Day quitó el corcho de un tarro de cristal, hundió el extremo de la punta de un cuchillo en la reducción almibarada que se encontraba en el fondo y luego tendió el arma, con la brillante empuñadura por delante, a Morveer. Éste hizo una pausa y miró fijamente los ojos azules de Murcatto.

La precaución primero, y siempre. Aquella mujer, a la que llamaban la Serpiente de Talins, era peligrosa en extremo. Aunque Morveer no hubiera conocido su reputación ni hubiese mantenido con ella aquella conversación ni, mucho menos, se hubiera comprometido a trabajar para ella, lo habría descubierto sólo con mirarla. Consideró muy seriamente la posibilidad de asestarle una cuchillada mortal, de arrojar su amigo norteño al río y de olvidar todo el asunto.

Pero, ¿matar al gran duque Orso, el hombre más poderoso de Styria? ¿Dar forma al curso de la historia con un toque diestro de su arte? ¿Alcanzar la celebridad a lo largo de las eras más por su hazaña que por su nombre? ¿Qué mejor manera de acabar una carrera que consiguiendo lo imposible? Sólo con pensarlo, su sonrisa se hizo mayor.

Suspiró hondamente y dijo:

—Espero no lamentarlo —e hirió el dorso de la mano de Murcatto con la punta del cuchillo, observando que una perla de sangre negra se formaba lentamente encima de su piel.

A los pocos momentos comenzó a hacerle efecto.
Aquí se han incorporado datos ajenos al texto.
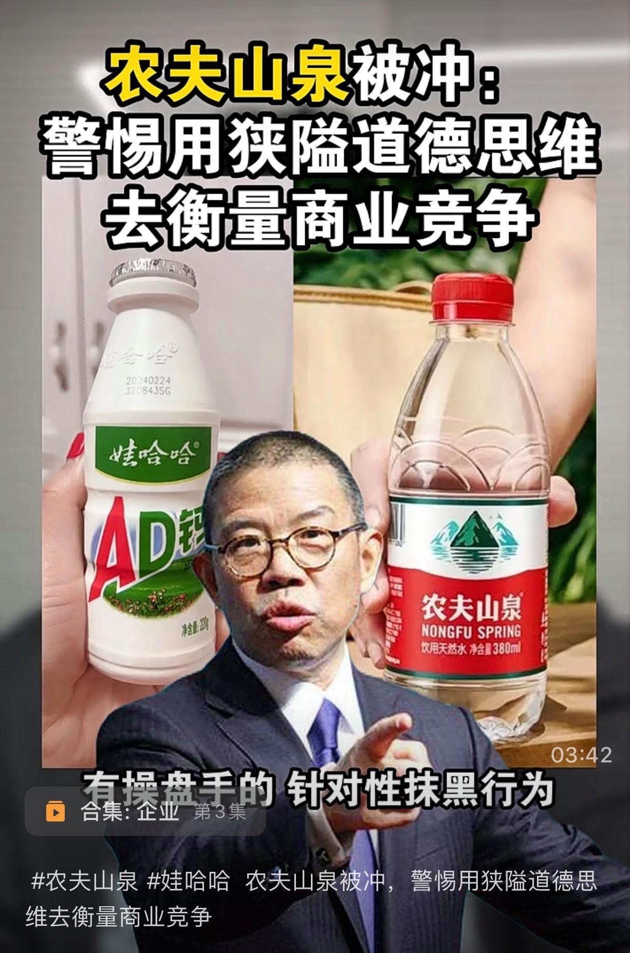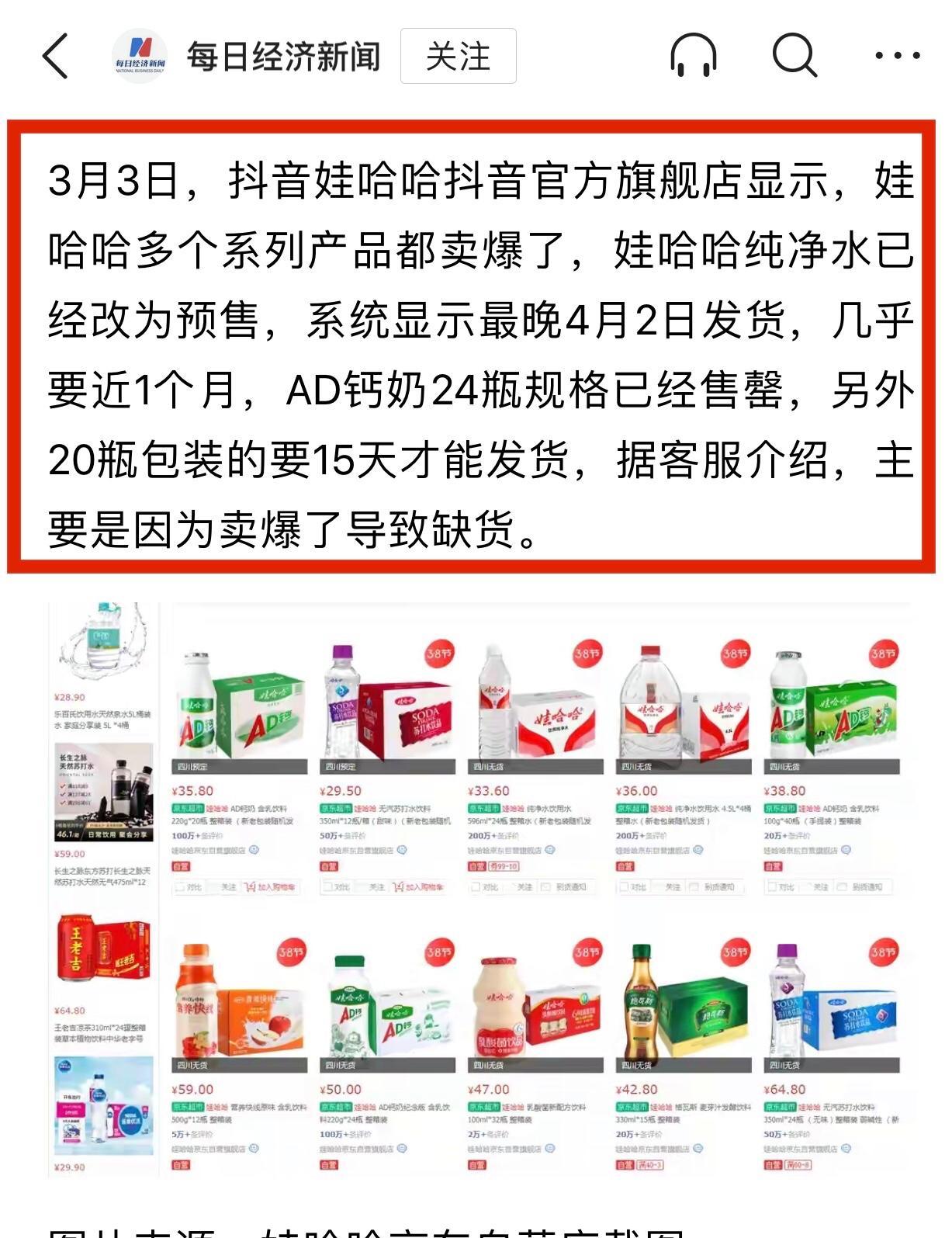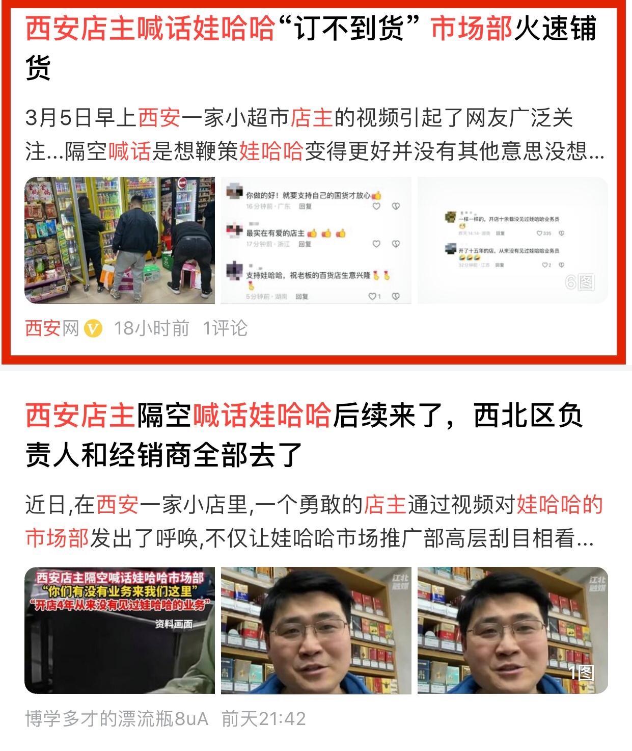 媒體報道,被網友怒批抵制的農夫山泉,一個是指責農夫山泉民族品牌背道而馳,哇哈哈股價連續三天跌停,網友說:哇哈哈纔是真正民族品牌,不上市,不割韭菜,致使現在目前情況就是從網上一些小賣部超市到個人言論視頻抵制農夫山泉,很多超市不得不受到網友的輿論壓力,逼迫下架農夫山泉,全力支持哇哈哈。哇哈哈賬號漲粉破400萬,各種飲料礦泉水賣斷貨,網上購買娃哈哈飲料和礦泉水需要預定發貨,西安一個小賣部隔空喊話要上架娃哈哈礦泉水飲料,如今已經安排上,娃哈哈這波潑天富貴算是贏麻了。

Murcatto frunció los labios mientras volvía lentamente la cabeza a uno y otro lado y movía los músculos del rostro.

—Estoy sorprendida —dijo.

—¿De veras? ¿Cómo así?

—Esperaba encontrarme con un maestro envenenador —se frotó la pequeña herida del dorso de la mano—. ¿Quién habría pensado que me encontraría con un pequeño capullo?

Morveer sintió que su sonrisa se desvanecía. Pero sólo le llevó un momento recobrar la compostura, desde que había acallado la risita de Day al mirarla enfadado.
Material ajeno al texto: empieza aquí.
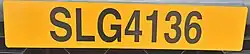 | Black text on a yellow background. | "SLG" followed by up to four digits. | For government vehicles. |
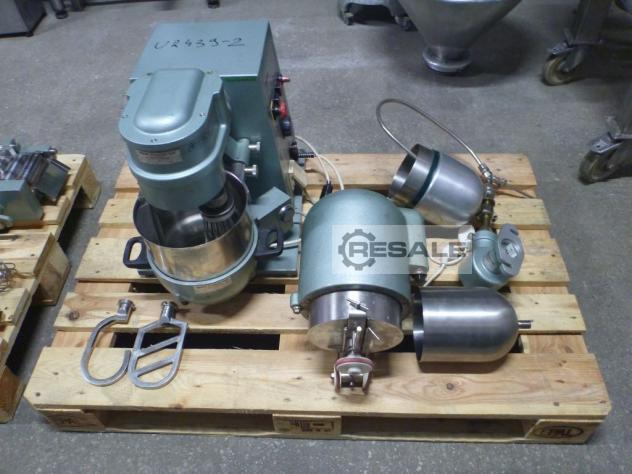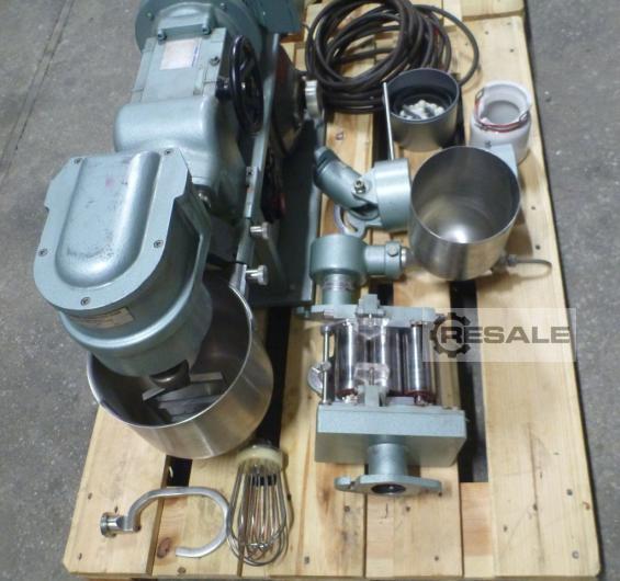 Stock # U2439-2 Used Erweka (DE) multi-task lab size set with drive AR400. Unit is driven by el motor 0.5 kW, 3000 rpm, 220 V, 50 Hz. Output rotation adjustable in range from 0-400 rpm. As a set there are included: - planetary mixer type PRS with agitators - frame, wall scrapper, hack type, whisk type. Including electrically heated mixing pan type DER. El heater power 500 W. Total volume of mixing pan about 6,5 l. - single piston homogeniser type HO with stainless steel electrically heated product hopper with volume about 2.8 l. Additional stainless steel hopper with volume about 3 l, and bypass stainless steel pipe. Output up to 30 kg/h. - Stainless steel vertical jacketed mixing tank type SG3W with belt driven 3 level paddle agitator. Bottom discharge. Total volume about 5 l. All devices last time had been working in cosmetic industry.

—Espero que su incapacidad temporal no la haya incomodado en demasía. Y que me haya perdonado, ¿verdad? Espero que ambos cooperemos, porque me molestaría muchísimo trabajar a la sombra.

—Por supuesto —acababa de recobrar el movimiento de los hombros, y un asomo de sonrisa afloraba en una de las comisuras de su boca—. Yo necesito lo que usted tiene, y usted necesita lo que yo tengo. El negocio es el negocio.

—Excelente. Magnífico. Sin… par —y Morveer la obsequió con su sonrisa más encantadora.

Pero no se lo creyó ni por un momento. Era el trabajo más peligroso al mando de la patrona más peligrosa. Monzcarro Murcatto, la Carnicera de Caprile, no era una de esas personas que olvidan. Él tampoco era de los que olvidan. Ni siquiera estando cerca. A partir de aquel momento, la precaución sería lo primero, lo segundo y lo tercero.

Ciencia y magia

Escalofríos detuvo su caballo en lo más alto de la elevación del terreno. La región se extendía más abajo, una mezcolanza de campos oscuros con alguna que otra granja o aldea por aquí y por allá y un pequeño grupo de árboles pelados. A unos dieciocho kilómetros escasos, el contorno del negro mar, la curva de una ancha bahía y, a lo largo de ella, la pálida corteza de una ciudad. Unas torres menudas, arracimadas en las tres colinas que dominaban el frío piélago bajo un cielo de gris acero.

—Westport —dijo Amistoso, chasqueando después la lengua y haciendo avanzar a su caballo.

A medida que se acercaban a aquel maldito lugar, Escalofríos comenzó a preocuparse. Y se sintió aún más resentido, helado e incómodo. Miró ceñudo a Murcatto y la adelantó, aún encapuchada, una figura negra en un negro paisaje. Las ruedas del carro traquetearon en el camino. Los caballos patalearon y relincharon. Unos cuantos cuervos graznaron por los desnudos campos. Pero nadie dijo nada.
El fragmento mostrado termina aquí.